Ähnlich ist es heute. Es wird schwer werden die Menschen davon zu überzeugen nicht im Internet einzukaufen, so sind die Kosten (Miete, Energie, Personal,…) für Versandhäuser ja auch deutlich geringer und sie können bessere Preise anbieten. Diesen Wandel aufzuhalten ist ohne Verbote oder zusätzliche Steuern nicht aufzuhalten. Auch mit diesen Maßnahmen wird sich der Online-Handel weiter durchsetzen. Also wie passt das nun zu Sande und den Gewerbesteuern?

Damit eine Erhöhung der Gewerbesteuer nicht die kleinsten, ohnehin schon gebeutelten Gewerbetreibenden trifft, muss man ihnen unter die Arme greifen. Der Wirtschaftsförderungsverein sollte aus den Mehreinnahmen einen großen Teil bekommen um den Selbstständigen dann unter die Arme greifen zu können. Wir müssen diese Unternehmen fit für die Zukunft machen und ihnen zeigen, wie sie wettbewerbsfähig bleiben können. Mit dem richtigen Know How im Verein vereint und den finanziellen Mitteln hilft das mehr als jede Paket-Steuer.

So kann der Verein beispielsweise die Infrastruktur für den Online-Handel zur Verfügung stellen und kostenfrei betreuen.
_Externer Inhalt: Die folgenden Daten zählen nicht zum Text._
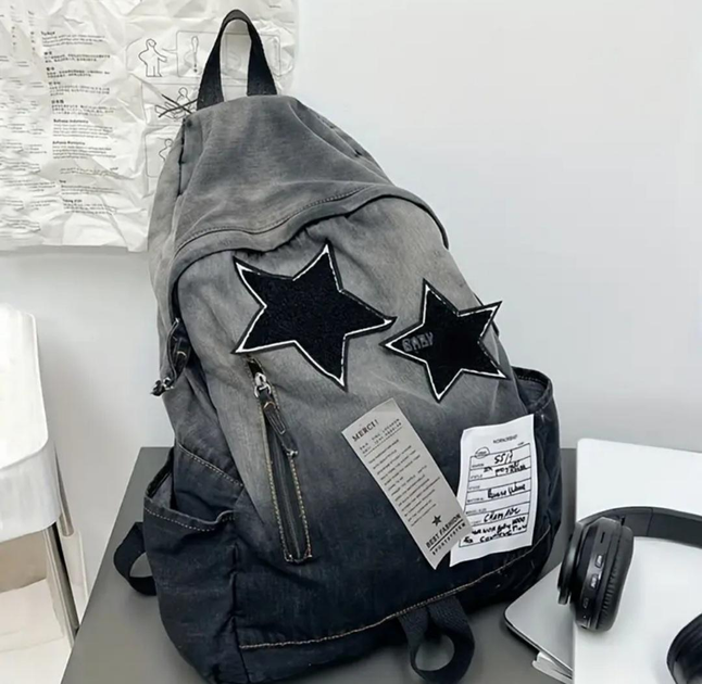 Рюкзак для Дівчинки Джинсовий із Зірками Підлітковий 39х29х12 см Чорний міський, жіночий
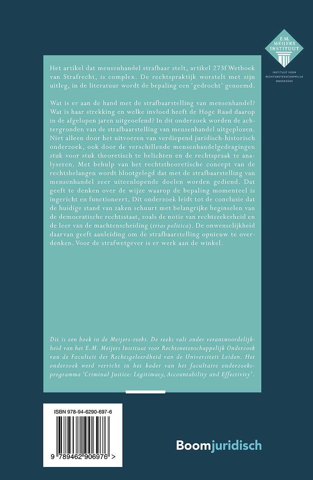 In dit onderzoek worden de achtergronden van de strafbaarstelling van mensenhandel uitgeplozen. Niet alleen door het uitvoeren van verdiepend juridisch-historisch onderzoek, ook door de verschillende mensenhandelgedragingen stuk voor stuk theoretisch te belichten en de rechtspraak te analyseren. Met behulp van het rechtstheoretische concept van de rechtsbelangen wordt blootgelegd dat met de strafbaarstelling van mensenhandel zeer uiteenlopende doelen worden gediend. Dat geeft te denken over de wijze waarop de bepaling momenteel is ingericht en functioneert.
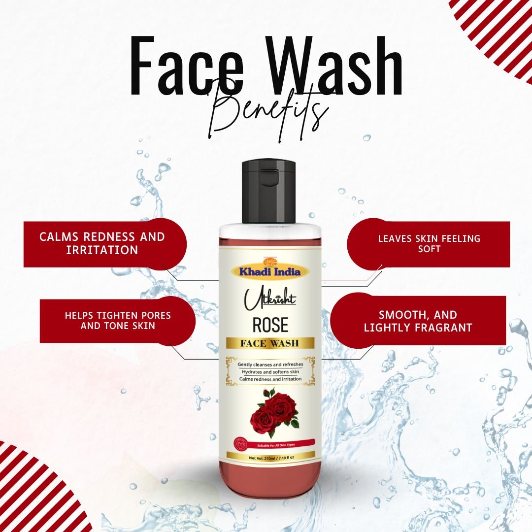 Utkrihst Khadi Rose Face Wash gently cleanses, soothes, and refreshes skin. Keeps skin soft, smooth, and radiant. Suitable for daily use on all skin types.
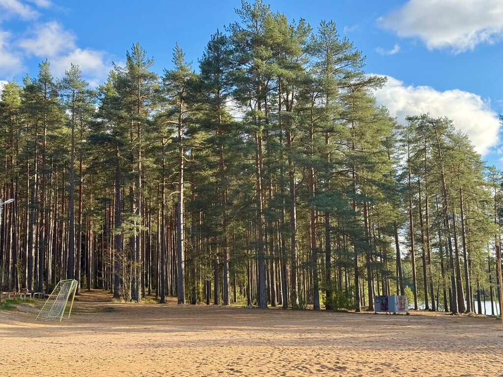 Качество воды - под вопросом (внешний вид, запах, наличие уток). В пешей доступности есть озера с водой, в которой приятнее купаться. Но место популярно у местных, много детей, есть площадки для футбола и волейбола, песочница, качели, 2 кабинки для переодевания. Туалета нет ни на пляже, ни в пешей доступности от него.

Für unsere Gastronomen ein Bestellsystem programmieren, was ohne die Gebühren auskommt, wie beispielsweise Lieferando und Co. Die Mehrausgaben der einzelnen fließen also direkt in die eigene Zukunft des Unternehmens. Die Großen helfen den Kleinen und auch die Gemeinde gewinnt ein Stück finanzielle Unabhängigkeit.